# Francis Dhomont



## Blake (Nov 6, 2013)

Dhomont (born 1926) is a French composer of electroacoustic / acousmatic music and musique concrete.

He studied under Ginette Waldmeier, Charles Koechlin and Nadia Boulanger. In the late 40's, in Paris (France), he intuitively discovered with magnetic tape what Schaeffer would later call "musique concrète" and consequently conducted solitary experiments with the musical possibilities of sound recording. Later, leaving behind instrumental writing, he dedicated himself exclusively to electroacoustic composition.

An ardent proponent of acousmatics, his work (since 1963) is comprised exclusively of works for tape bearing witness to his continued interest in morphological interplay and ambiguities between sound and the images it may create.
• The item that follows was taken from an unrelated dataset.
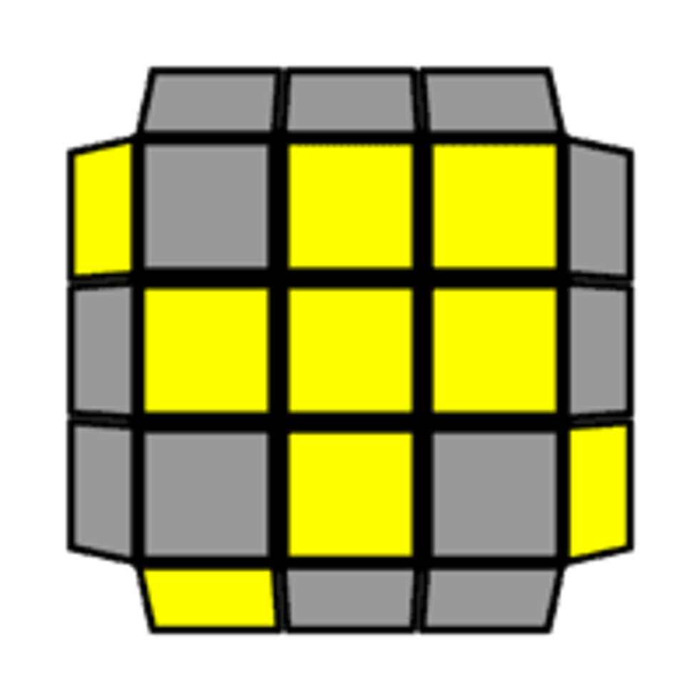 Finally, the “O” and “P” are all that are left in solving your Rubik’s Cube. The “O” stands for “OLL” (Orientation of the Last Layer), and the “P” for “PLL” (Permutation of the Last Layer). Here, you’re going to have to rely on algorithms to complete the cube; there are 57 for OLL and 21 for PLL. In the scheme of things, these are not very many at all. There are a plethora of websites (cyotheking and Badmephisto being two favorites among speedcubers) available with every algorithm posted and how to memorize them. To solve OLL, start by looking at the picture above. Once your cross and F2L are solved, you will have one of the 57 possible patterns on the top layer of the cube. Focus only on the color that is on top; if you have a standard cube and started with the color white, your OLL color will likely be yellow, so only look for the yellow pieces in solving OLL. Once you recognize and perform the algorithm that solves OLL, your cube will look like the picture below:

The Conseil des arts et des lettres du Québec has recently awarded him a prestigious career grant. In 1999, he was awarded five first prizes for four of his recent works at international competition (Brazil, Spain, Italy, Hungary and Czech Republic). In 1997, as the winner of the Canada Council for the Arts' Lynch-Staunton Prize, he was also supported by the DAAD for a residence in Berlin (Germany). Five-time winner at the Bourges International Electroacoustic Music Competition (France) - the Magisterium Prize in 1988 - and 2nd Prize at Prix Ars Electronica 1992 (Linz, Austria), he has received numerous other awards.

- As seen on last.fm

_Lettre de Sarajeco_




_Espace / Escape_


----------



## PetrB (Feb 28, 2012)

I would love to see these various separate composer posts go into one OP with an appropriate heading!

I'm certain if you designed a new OP, that the mods would be happy to help move these various posts to that thread.

There is a lot of this genre, unknown to many, and to have it in one thread where those who are curious / interested to look and listen would, I think, be a boon.


----------



## Blake (Nov 6, 2013)

I've been trying to post a lot of this music in some guy's thread, which I think is a great start if we can garner more participants. Either way, I'm enjoying it.

I'm just so fond of these composers that I feel they deserve a guestbook of their own.


----------



## PetrB (Feb 28, 2012)

Vesuvius said:


> I've been trying to post a lot of this music in some guy's thread, which I think is a great start if we can garner more participants. Either way, I'm enjoying it.
> 
> I'm just so fond of these composers that I feel they deserve a guestbook of their own.


I'm thinking composer guestbooks are fine if a wide number of people recognize the composer's name.

Truthfully, would you look at a thread Titled "Francis Dhomont" or "Irving Fine" unless at least you had an inkling, or had heard of them before ...or had an idea of the personal tastes of the OP? Maybe yes? Maybe no?


----------



## Blake (Nov 6, 2013)

Absolutely. I've often looked through the guestbooks for composers I've never heard before to see what I don't know. It can be a neat exploration, and that's why I post the OP in a sort of "educational" format - picture, information, music.


----------